What happened?

+++   Recollections from the founder of Depressed Anonymous +++

“There was nothing I could do to shake those horrible and painful feelings. My mind was unable to focus on or to concentrate on anything. My memory was affected and it was impossible to retain anything I tried to read. With each new day, I felt my strength ebbing away. I was physically and emotionally drained. I knew that something was wrong – what was it?

The answer to those  question seemed to lie within all the losses that I had acquired over the past months.  I had slipped down into the slippery and dark world known only to someone who has ben depressed. I had to do something besides talking to break out of depression. I had to change the way that I had lived my life. First I had to admit that my life was out of control. I was powerless to overcome my symptoms of depression by will power alone. I needed to believe in a power greater than myself. I had to have a spiritual experience. Having been in the ministry for may years, I thought I had a deep spiritual experience, but I seemed to have lost it along the way.

I began to walk five miles a day inside a mall near my home to shake this awful feeling of emptiness that had taken over my life. I set myself this goal to force myself to walk until  I starter to feel better. This was about a year following that day in August when I felt myself slipping into  the abyss. After doing this exercise of walking day after day,   I began to feel a little better. But then the old message came back and said “yes, but this good feeling won’t last.”  Then I knew that since I had good days before that depression, I could have a good day again. I went on walking, and within time, I walked my way through the fog that had imprisoned me.

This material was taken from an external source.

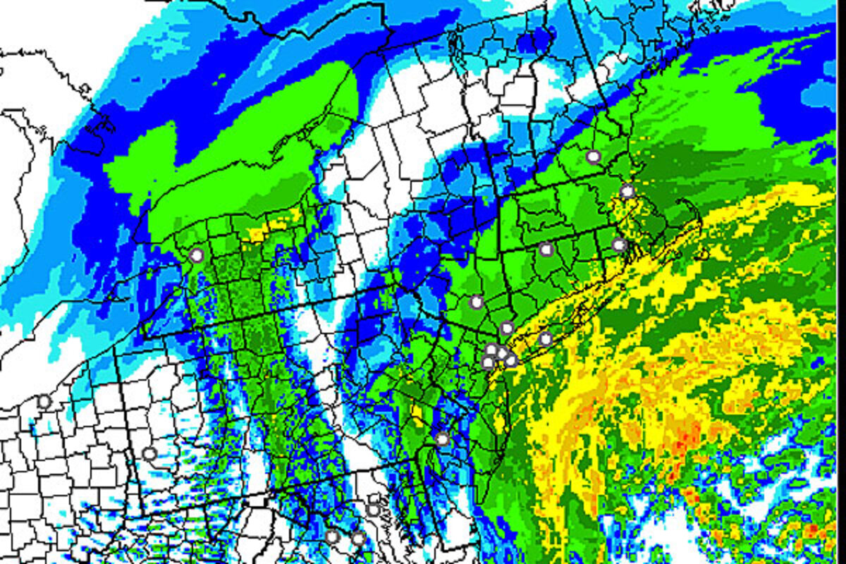 As the two storms collide (see explanation below), and the low coming out of the Ohio valley injects cold air and the sun goes down, NYC is expected to turn to all snow and winds will pick up. Expect blizzard conditions to arrive around 6 p.m. in the New York City area.

But I had to do the work!   Did my symptoms have me imprisoned or did the meaning that I had created in my mind about my life have me imprisoned? I believe it was the meaning I had given to those losses in my life  that gradually threw me to the ground, hog tied  me, and wouldn’t let me go. I had to believe that somehow my walking gave meaning to the belief that I wasn’t going to let these feelings of helplessness beat me down. I just believed that I was going to beat this thing! I learned a great lesson here in that “motivation follows action.”

SOURCE :Copyright(c)  Depressed Anonymous, 3rd edition. (1998, 2008, 2011). Depressed Anonymous Publications, Louisville. KY  Pg. 21.  (Autobiographical sketch of the founder of Depressed Anonymous, Hugh S., in Evansville, Indiana in 1985.)